Ian Morton

Personal information
- Full name: Ian Stuart Morton
- Born: 14 October 1970 (age 55) Clacton-on-Sea, Essex, England
- Batting: Right-handed
- Bowling: Right-arm medium-fast

Domestic team information
- 2002–2005: Suffolk

Career statistics
| Competition | List A |
| Matches | 3 |
| Runs scored | 98 |
| Batting average | 49.00 |
| 100s/50s | –/– |
| Top score | 42* |
| Balls bowled | – |
| Wickets | – |
| Bowling average | – |
| 5 wickets in innings | – |
| 10 wickets in match | – |
| Best bowling | – |
| Catches/stumpings | 2/– |
- Source: Cricinfo, 28 July 2011

= Ian Morton =

English cricketer (born 1970)

Ian Stuart Morton (born 14 October 1970) is a former English cricketer. Morton was a right-handed batsman who bowled right-arm medium-fast. He was born in Clacton-on-Sea, Essex.

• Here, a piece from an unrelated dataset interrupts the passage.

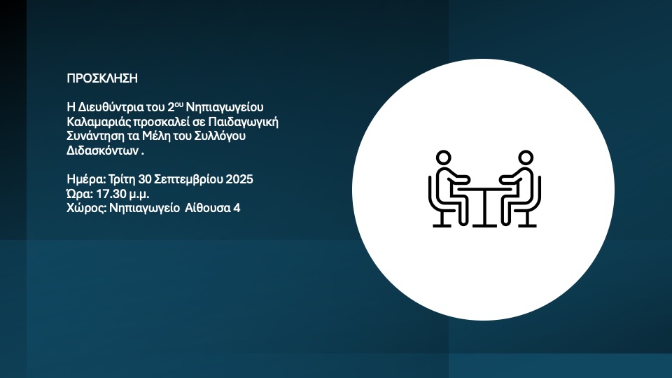 Σας προσκαλούμε στην 2η παιδαγωγική συνάντηση με τις εκπαιδευτικούς του 1ου, 2ου, 3ου & 4ου τμήματος , την Τετάρτη 8 Οκτωβρίου 2025, από τις 6.00 μ.μ. έως τις 8.00 μ.μ., στις αίθουσες των αντίστοιχων της φοίτησης των μαθητών/τριών, τμημάτων.

Morton made his debut for Suffolk in the 2002 Minor Counties Championship against Cumberland. Morton played Minor counties cricket for Suffolk from 2002 to 2005, making 14 Minor Counties Championship and 8 MCCA Knockout Trophy. He made his List A debut against Buckinghamshire in the 1st round of the 2003 Cheltenham & Gloucester Trophy, which was played in 2002. He made 2 further List A appearances, against Devon in the 1st round of the 2004 Cheltenham & Gloucester Trophy which was played in 2003, and Glamorgan in the 1st round of the 2005 Cheltenham & Gloucester Trophy. In his 3 List A matches, he scored 98 runs at an average of 49.00, with a high score of 42 not out. With the ball, he bowled a total of 9 wicket-less overs.